_SUPPLIED DATA:_
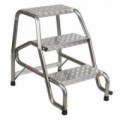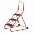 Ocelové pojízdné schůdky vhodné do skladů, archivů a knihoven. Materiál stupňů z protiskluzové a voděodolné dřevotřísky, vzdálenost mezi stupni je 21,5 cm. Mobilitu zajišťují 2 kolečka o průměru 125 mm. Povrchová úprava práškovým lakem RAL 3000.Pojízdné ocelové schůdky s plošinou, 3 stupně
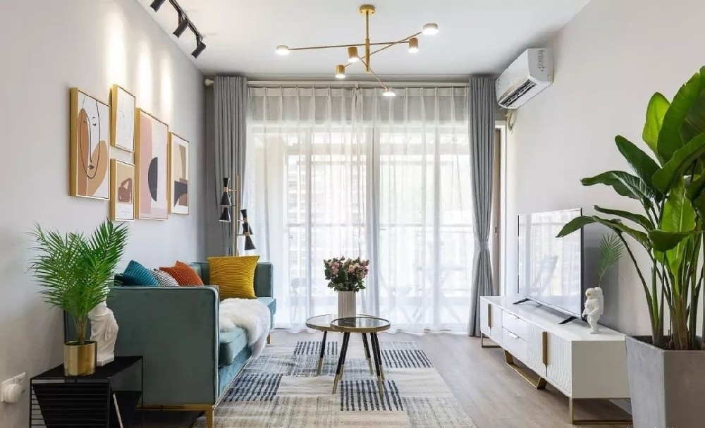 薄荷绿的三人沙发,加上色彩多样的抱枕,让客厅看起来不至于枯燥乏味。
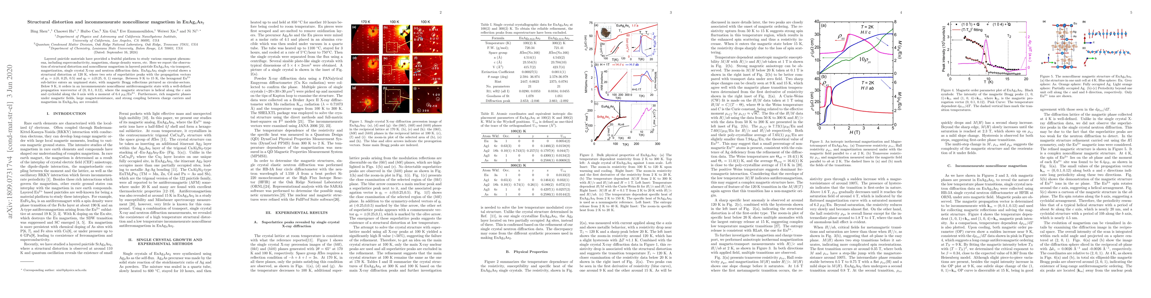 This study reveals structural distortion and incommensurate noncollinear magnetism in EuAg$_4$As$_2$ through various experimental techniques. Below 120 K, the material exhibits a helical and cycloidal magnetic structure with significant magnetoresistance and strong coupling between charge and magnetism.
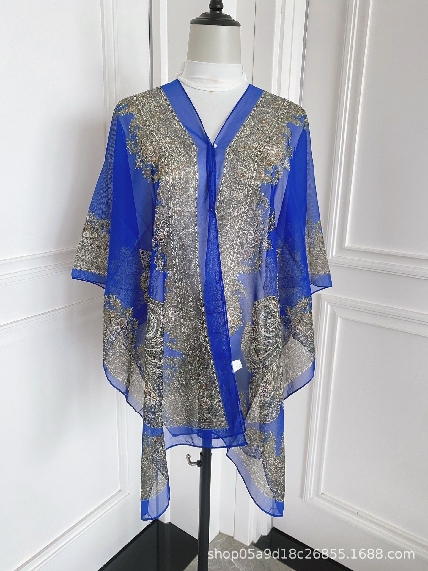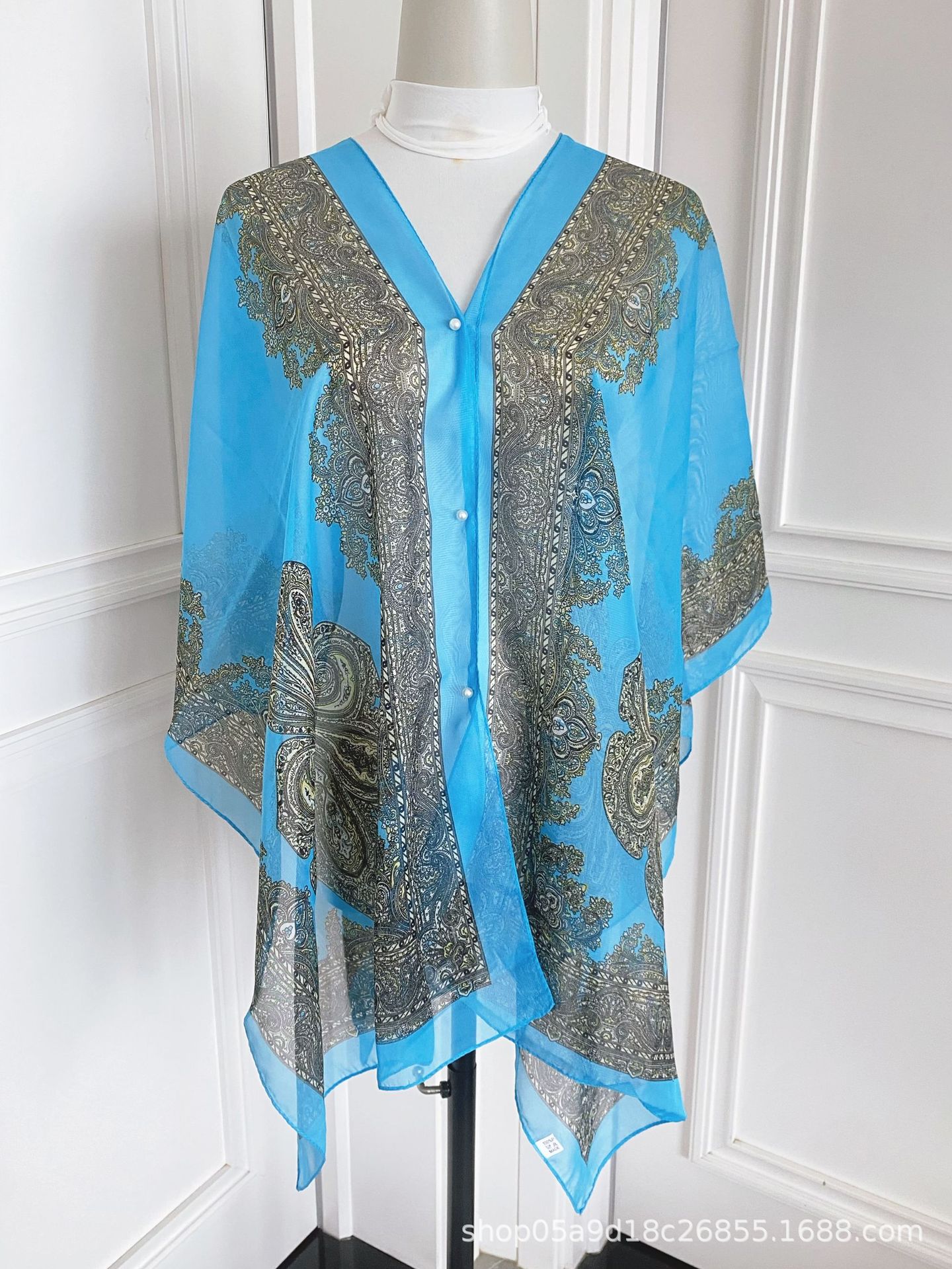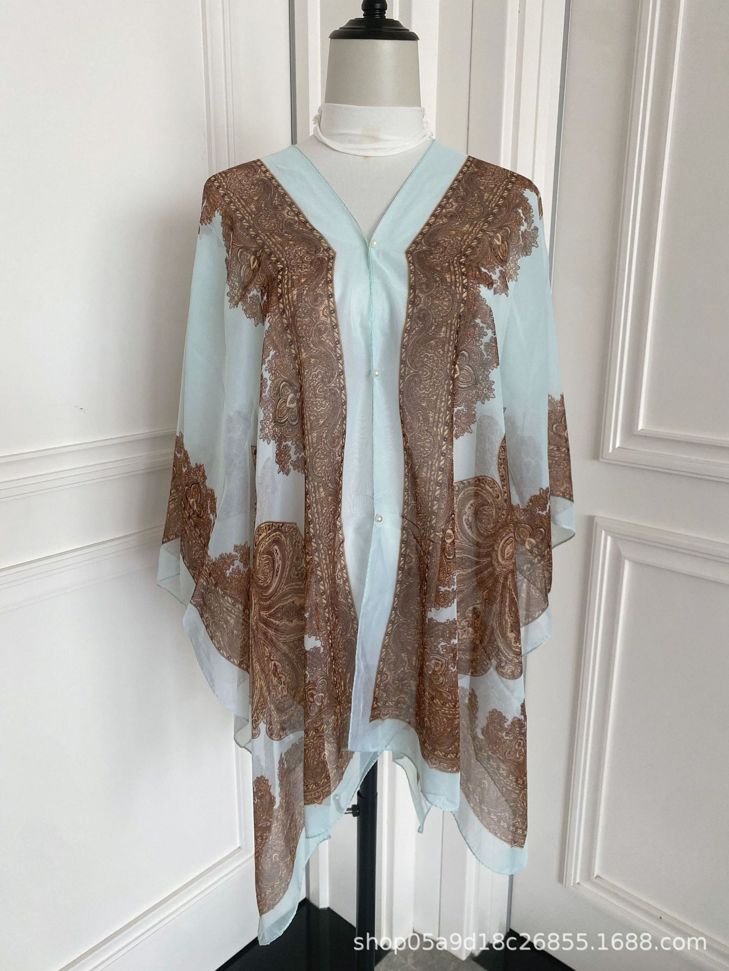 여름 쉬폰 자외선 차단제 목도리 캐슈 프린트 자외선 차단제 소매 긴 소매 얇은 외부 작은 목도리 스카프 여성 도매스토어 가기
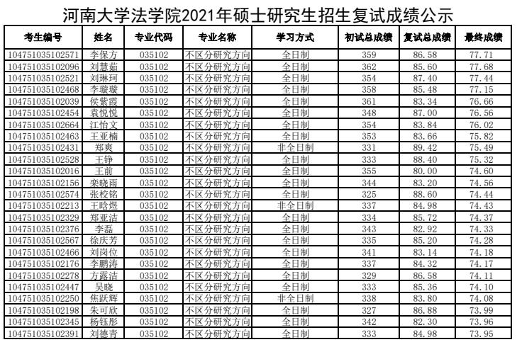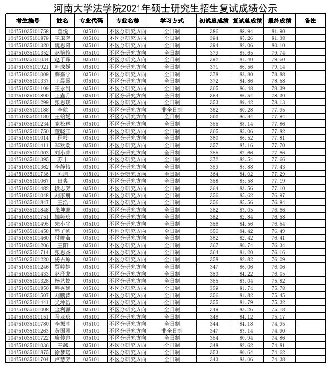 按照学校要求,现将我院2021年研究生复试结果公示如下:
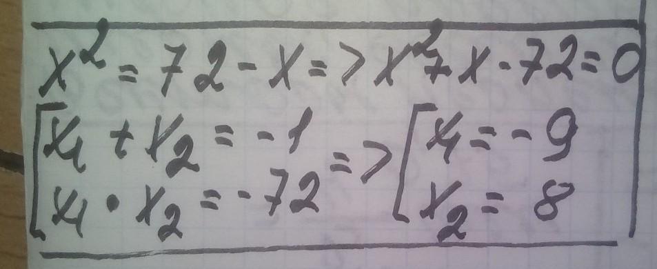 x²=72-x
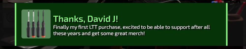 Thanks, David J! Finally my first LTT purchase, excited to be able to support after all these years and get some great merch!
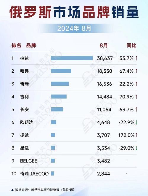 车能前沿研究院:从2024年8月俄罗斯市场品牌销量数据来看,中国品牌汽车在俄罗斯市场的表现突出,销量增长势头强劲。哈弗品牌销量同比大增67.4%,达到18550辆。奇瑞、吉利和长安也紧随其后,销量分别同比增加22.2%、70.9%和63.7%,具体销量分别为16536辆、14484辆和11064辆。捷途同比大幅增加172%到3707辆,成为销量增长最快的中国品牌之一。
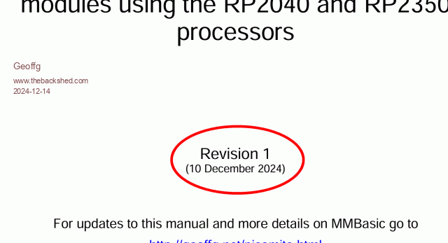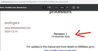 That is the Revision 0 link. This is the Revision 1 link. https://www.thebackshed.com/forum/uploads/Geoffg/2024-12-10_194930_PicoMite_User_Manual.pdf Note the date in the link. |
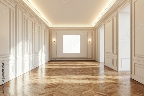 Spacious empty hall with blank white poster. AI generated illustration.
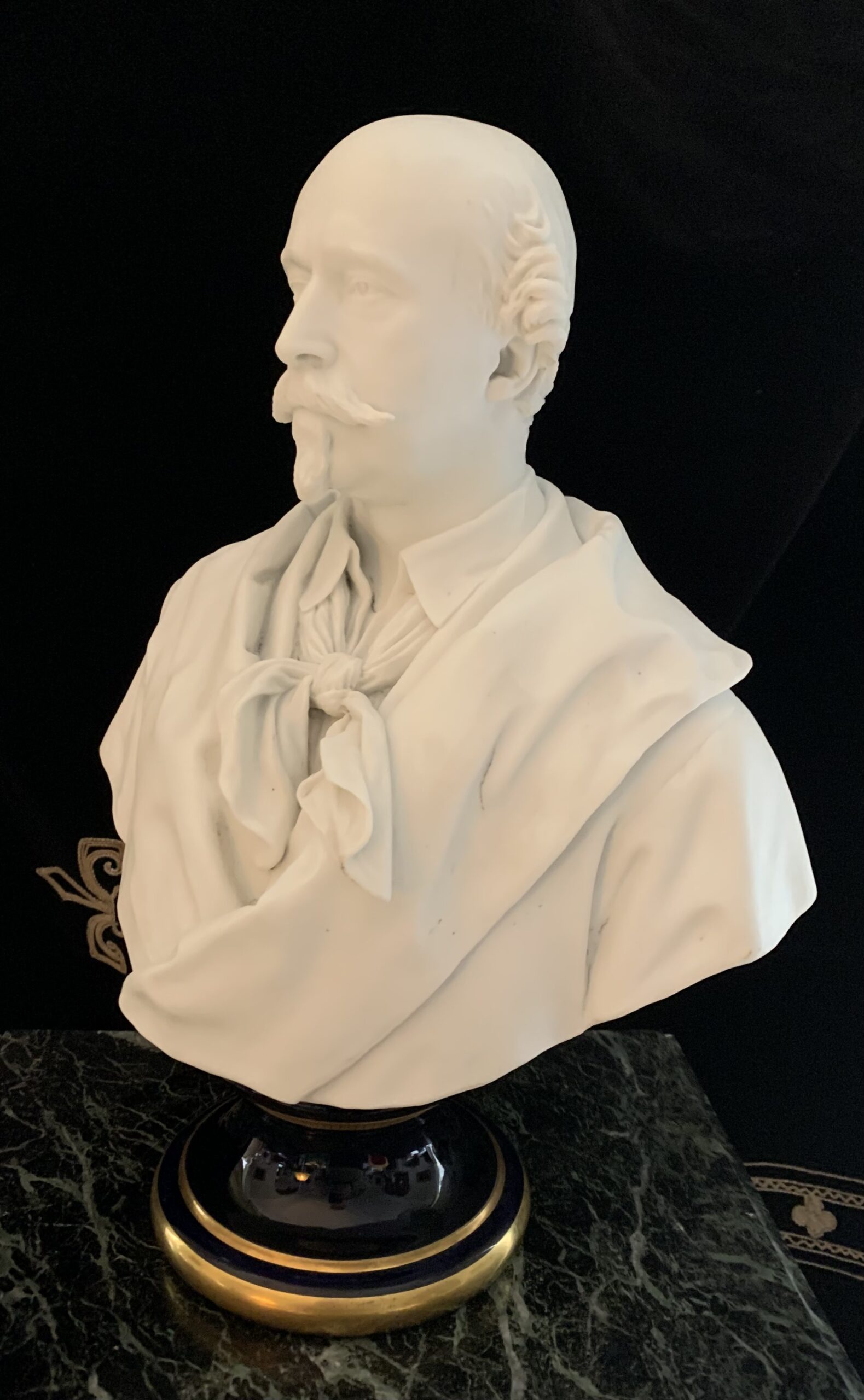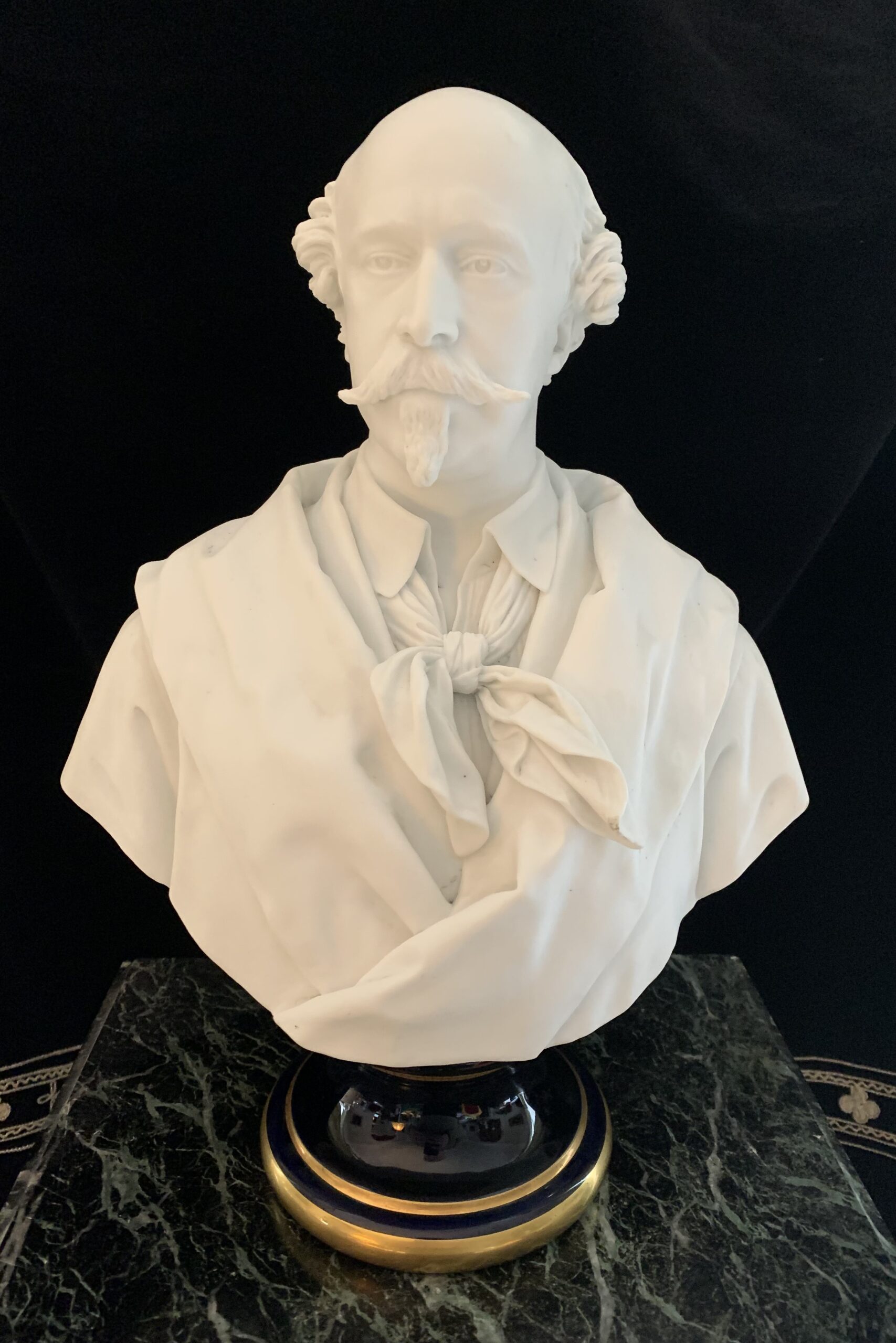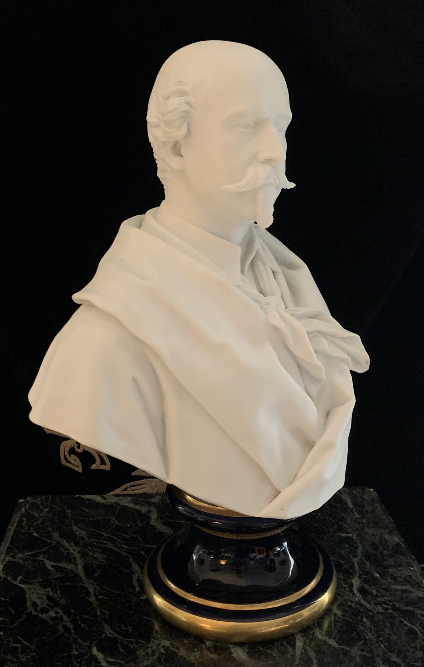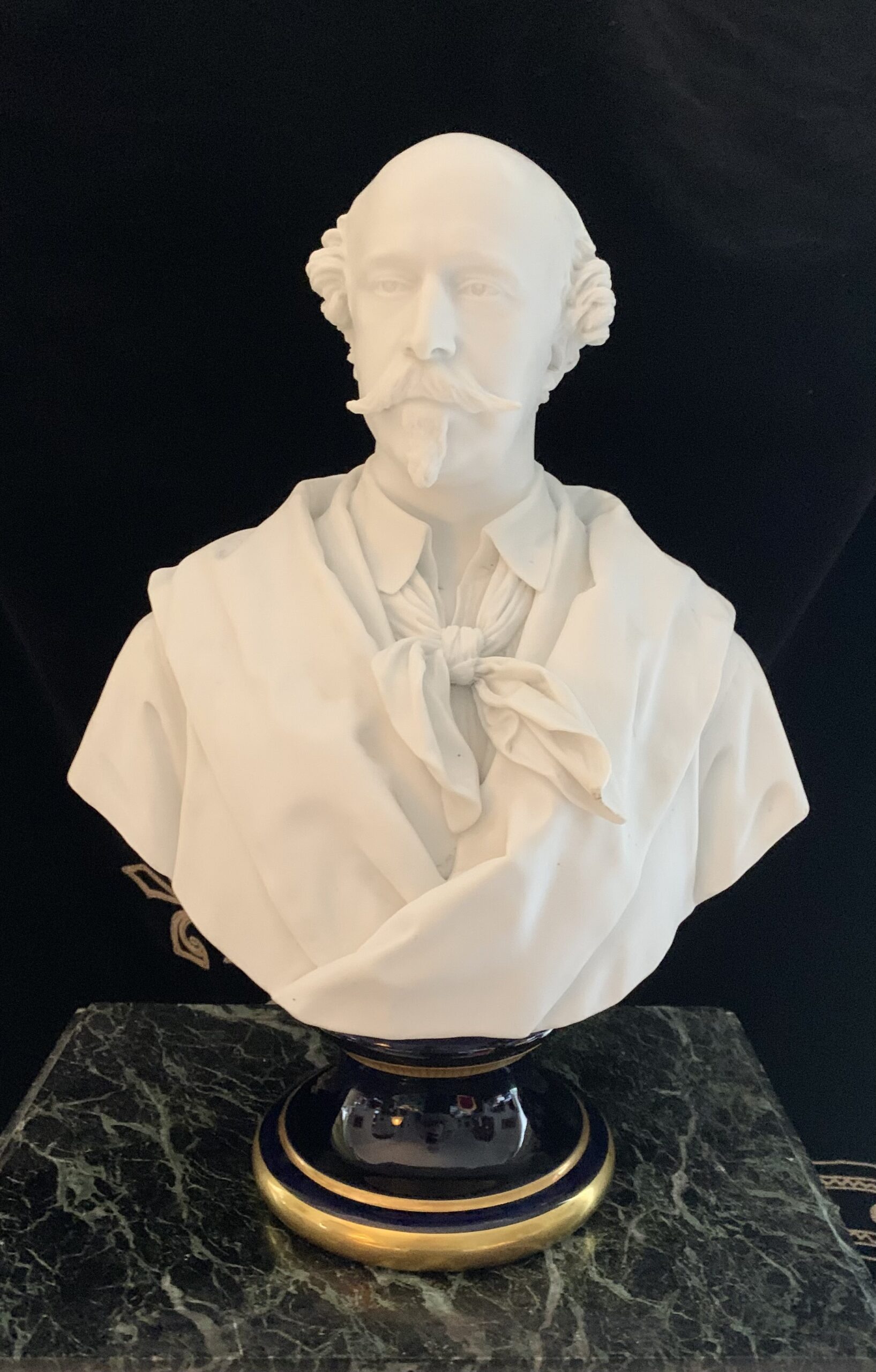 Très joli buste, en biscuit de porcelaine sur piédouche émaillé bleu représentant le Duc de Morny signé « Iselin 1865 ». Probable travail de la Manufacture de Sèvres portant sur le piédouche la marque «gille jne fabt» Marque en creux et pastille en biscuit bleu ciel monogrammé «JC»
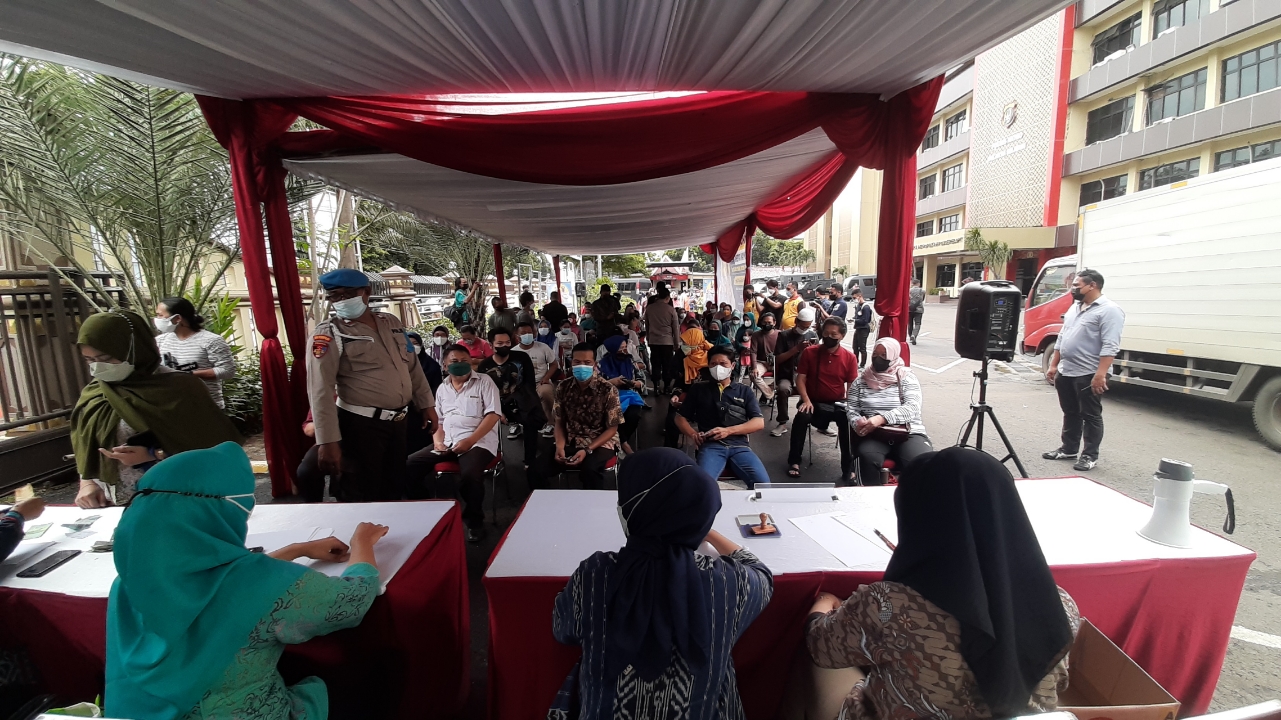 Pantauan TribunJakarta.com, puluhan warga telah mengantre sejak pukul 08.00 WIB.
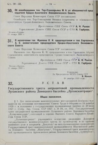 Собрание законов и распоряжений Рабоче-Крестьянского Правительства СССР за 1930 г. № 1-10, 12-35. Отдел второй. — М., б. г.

_WHAT THIS TASK INVOLVES:_ Your task is to return the entries above exactly, with no pictures.

_OUTPUT FOR THIS TASK:_
 Ocelové pojízdné schůdky vhodné do skladů, archivů a knihoven. Materiál stupňů z protiskluzové a voděodolné dřevotřísky, vzdálenost mezi stupni je 21,5 cm. Mobilitu zajišťují 2 kolečka o průměru 125 mm. Povrchová úprava práškovým lakem RAL 3000.Pojízdné ocelové schůdky s plošinou, 3 stupně
 薄荷绿的三人沙发,加上色彩多样的抱枕,让客厅看起来不至于枯燥乏味。
 This study reveals structural distortion and incommensurate noncollinear magnetism in EuAg$_4$As$_2$ through various experimental techniques. Below 120 K, the material exhibits a helical and cycloidal magnetic structure with significant magnetoresistance and strong coupling between charge and magnetism.
 여름 쉬폰 자외선 차단제 목도리 캐슈 프린트 자외선 차단제 소매 긴 소매 얇은 외부 작은 목도리 스카프 여성 도매스토어 가기
 按照学校要求,现将我院2021年研究生复试结果公示如下:
 x²=72-x
 Thanks, David J! Finally my first LTT purchase, excited to be able to support after all these years and get some great merch!
 车能前沿研究院:从2024年8月俄罗斯市场品牌销量数据来看,中国品牌汽车在俄罗斯市场的表现突出,销量增长势头强劲。哈弗品牌销量同比大增67.4%,达到18550辆。奇瑞、吉利和长安也紧随其后,销量分别同比增加22.2%、70.9%和63.7%,具体销量分别为16536辆、14484辆和11064辆。捷途同比大幅增加172%到3707辆,成为销量增长最快的中国品牌之一。
 That is the Revision 0 link. This is the Revision 1 link. https://www.thebackshed.com/forum/uploads/Geoffg/2024-12-10_194930_PicoMite_User_Manual.pdf Note the date in the link. |
 Spacious empty hall with blank white poster. AI generated illustration.
 Très joli buste, en biscuit de porcelaine sur piédouche émaillé bleu représentant le Duc de Morny signé « Iselin 1865 ». Probable travail de la Manufacture de Sèvres portant sur le piédouche la marque «gille jne fabt» Marque en creux et pastille en biscuit bleu ciel monogrammé «JC»
 Pantauan TribunJakarta.com, puluhan warga telah mengantre sejak pukul 08.00 WIB.
 Собрание законов и распоряжений Рабоче-Крестьянского Правительства СССР за 1930 г. № 1-10, 12-35. Отдел второй. — М., б. г.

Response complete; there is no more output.